*What you have to do*: Write out exactly the lines below starting at the one containing "Erhöhter Rückenbund, verdeckter" and ending at the one containing "Über fünf Jahre". Omit every picture.

Extracted information Block Start

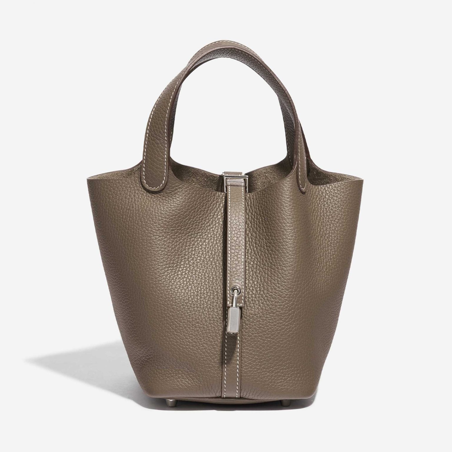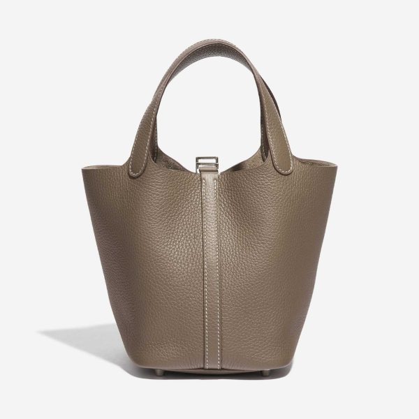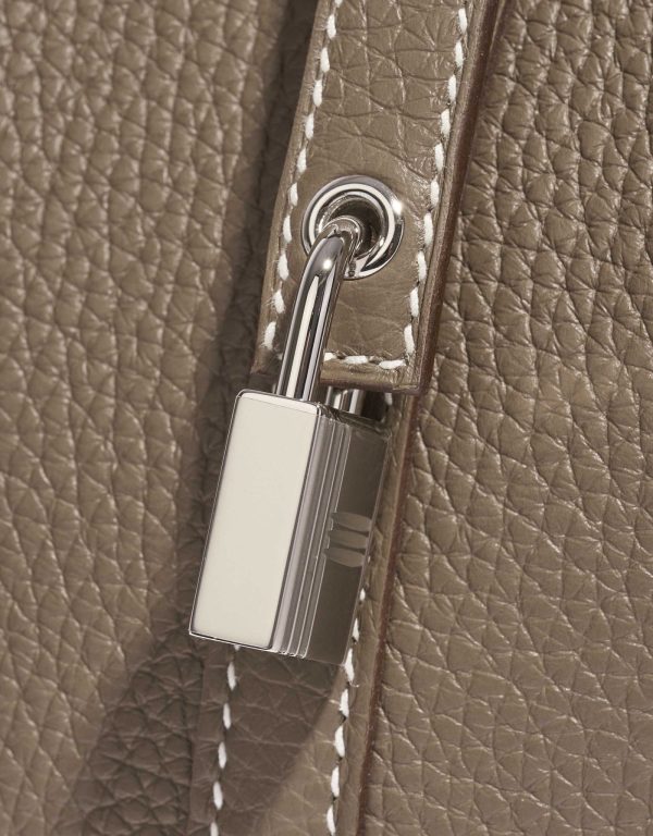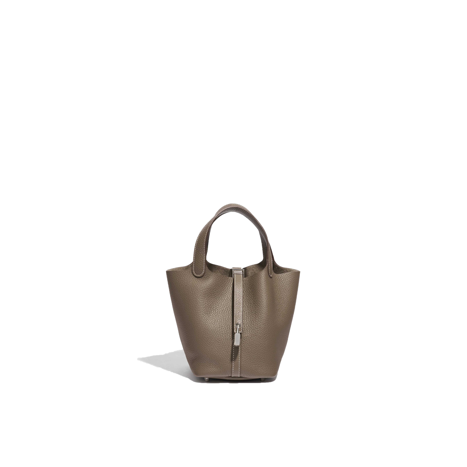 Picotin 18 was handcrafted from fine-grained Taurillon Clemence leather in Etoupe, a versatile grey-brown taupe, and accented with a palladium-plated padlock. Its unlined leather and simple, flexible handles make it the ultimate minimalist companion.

Extracted information Block End
Extracted information Block Start

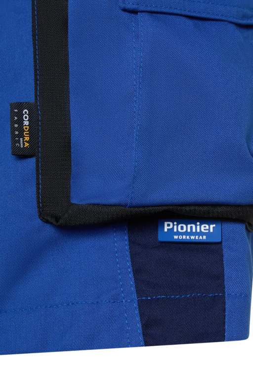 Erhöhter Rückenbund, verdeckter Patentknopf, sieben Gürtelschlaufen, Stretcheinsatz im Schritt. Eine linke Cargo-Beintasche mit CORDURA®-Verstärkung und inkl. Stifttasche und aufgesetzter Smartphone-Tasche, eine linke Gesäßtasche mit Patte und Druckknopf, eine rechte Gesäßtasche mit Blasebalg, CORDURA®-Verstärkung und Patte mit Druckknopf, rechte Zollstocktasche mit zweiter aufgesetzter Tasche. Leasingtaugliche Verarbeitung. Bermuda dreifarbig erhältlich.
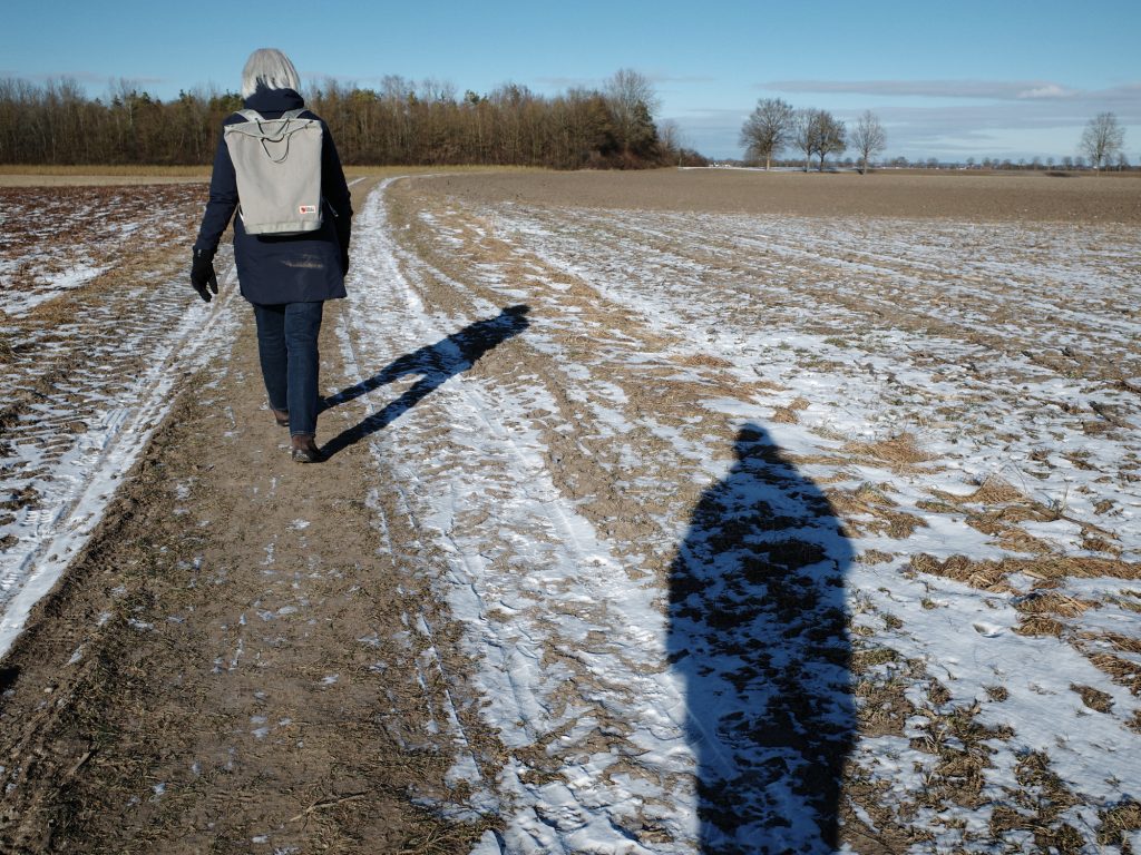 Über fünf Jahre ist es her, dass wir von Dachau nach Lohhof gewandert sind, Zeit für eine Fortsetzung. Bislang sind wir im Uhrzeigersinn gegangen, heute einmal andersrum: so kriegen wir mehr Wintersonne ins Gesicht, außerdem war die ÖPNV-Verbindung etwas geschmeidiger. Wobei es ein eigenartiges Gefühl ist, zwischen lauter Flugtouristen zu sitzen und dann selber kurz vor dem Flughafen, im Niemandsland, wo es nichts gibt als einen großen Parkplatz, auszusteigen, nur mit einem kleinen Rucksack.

Extracted information Block End

*Solution*:
 Erhöhter Rückenbund, verdeckter Patentknopf, sieben Gürtelschlaufen, Stretcheinsatz im Schritt. Eine linke Cargo-Beintasche mit CORDURA®-Verstärkung und inkl. Stifttasche und aufgesetzter Smartphone-Tasche, eine linke Gesäßtasche mit Patte und Druckknopf, eine rechte Gesäßtasche mit Blasebalg, CORDURA®-Verstärkung und Patte mit Druckknopf, rechte Zollstocktasche mit zweiter aufgesetzter Tasche. Leasingtaugliche Verarbeitung. Bermuda dreifarbig erhältlich.
 Über fünf Jahre ist es her, dass wir von Dachau nach Lohhof gewandert sind, Zeit für eine Fortsetzung. Bislang sind wir im Uhrzeigersinn gegangen, heute einmal andersrum: so kriegen wir mehr Wintersonne ins Gesicht, außerdem war die ÖPNV-Verbindung etwas geschmeidiger. Wobei es ein eigenartiges Gefühl ist, zwischen lauter Flugtouristen zu sitzen und dann selber kurz vor dem Flughafen, im Niemandsland, wo es nichts gibt als einen großen Parkplatz, auszusteigen, nur mit einem kleinen Rucksack.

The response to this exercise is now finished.